Stored records
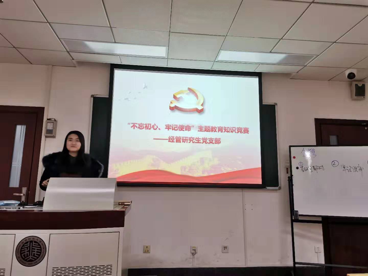 为深入推进“不忘初心、牢记使命”主题教育,12月30日下午3点30分,企管研19党支部于管楼504教室开展了“不忘初心、牢记使命”主题教育知识竞赛。竞赛由李响老师主持,主要包括习近平新时代中国特色社会主义思想、党的十九大精神、党章党规、主题教育“应知应会”、党务知识等相关内容。
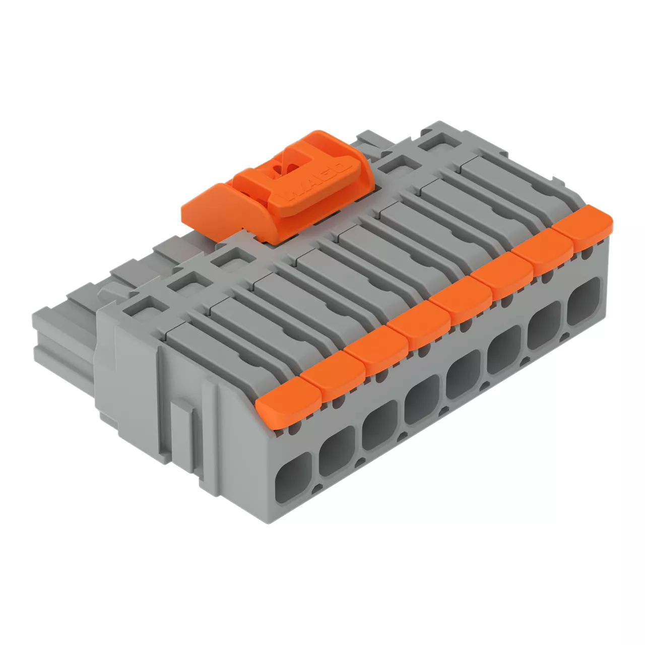 gniazdo 1-przewodowe; dźwignia; Push-in CAGE CLAMP®; 2,5 mm²; raster 5 mm; 8-bieg.; środkowy zaczep ryglujący; 2,50 mm²; szary
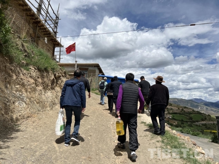 圖為義診團(tuán)專(zhuān)家代表進(jìn)村入戶(hù)慰問(wèn)困難群眾 攝影:德吉卓瑪
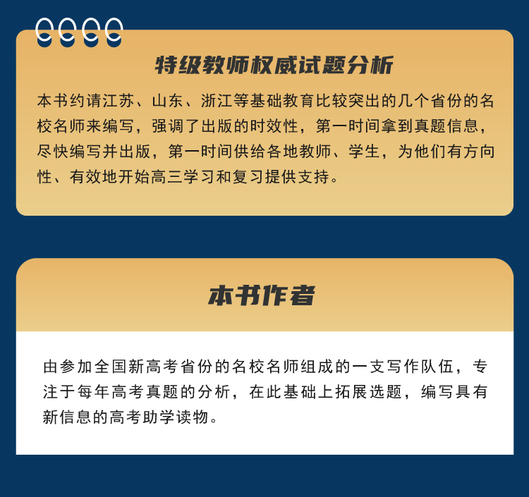 由参加全国新高考省份的名校名师组成的一支写作队伍,专注于每年高考真题的分析,在此基础上拓展选题,编写具有新信息的高考助学读物。
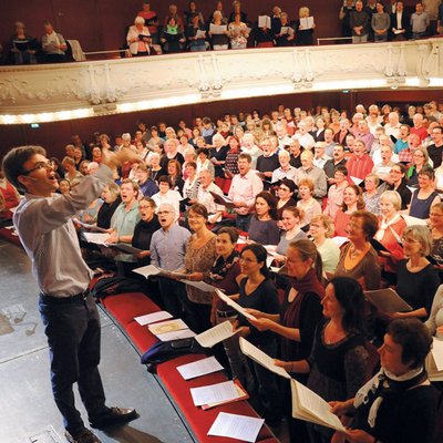 Staatstheaters ins Große Haus ein: Unter dem Motto „Volkslieder zum Mitsingen“ sollen eine gute Stunde lang viele bekannte und auch einige weniger bekannte Lieder mit den Sangesfreudigen gemeinsam gesungen werden. Karten zum Preis von fünf Euro enthalten die Noten und Texte für alle Lieder der Veranstaltung.
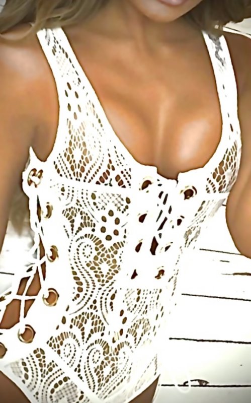 She met his eyes with a smile and enjoyed the short moment when his eyes drifted down along her body before she again sank to her knees and wrapped her fingers around his semi-hard shaft. She licked a large dew drop from the tip before engulfing the head with her lips while mildly humming as if savoring a delicacy. Then she pulled back a little and guided the end of it down into the generous cleavage created by the lace swimsuit. It snaked all the way down to the bottom of her breasts.
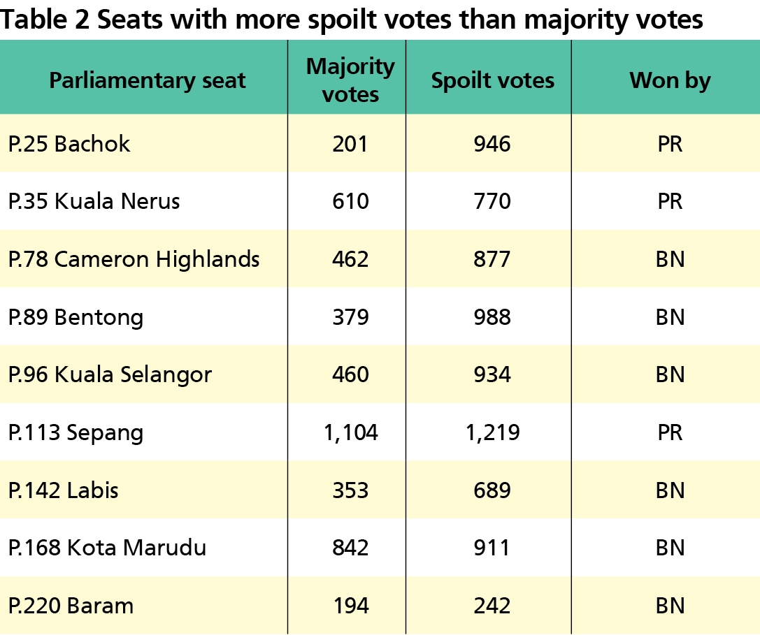 At the same time, there were nine seats with more spoilt votes than the majority vote margin (BN 6, PR 3) (refer Table 2).

What is being asked =
Write out exactly the lines that run from the one containing "圖為義診團(tuán)專(z" to the last line of the entries above, both ends kept, pictures left out.

Output =
 圖為義診團(tuán)專(zhuān)家代表進(jìn)村入戶(hù)慰問(wèn)困難群眾 攝影:德吉卓瑪
 由参加全国新高考省份的名校名师组成的一支写作队伍,专注于每年高考真题的分析,在此基础上拓展选题,编写具有新信息的高考助学读物。
 Staatstheaters ins Große Haus ein: Unter dem Motto „Volkslieder zum Mitsingen“ sollen eine gute Stunde lang viele bekannte und auch einige weniger bekannte Lieder mit den Sangesfreudigen gemeinsam gesungen werden. Karten zum Preis von fünf Euro enthalten die Noten und Texte für alle Lieder der Veranstaltung.
 She met his eyes with a smile and enjoyed the short moment when his eyes drifted down along her body before she again sank to her knees and wrapped her fingers around his semi-hard shaft. She licked a large dew drop from the tip before engulfing the head with her lips while mildly humming as if savoring a delicacy. Then she pulled back a little and guided the end of it down into the generous cleavage created by the lace swimsuit. It snaked all the way down to the bottom of her breasts.
 At the same time, there were nine seats with more spoilt votes than the majority vote margin (BN 6, PR 3) (refer Table 2).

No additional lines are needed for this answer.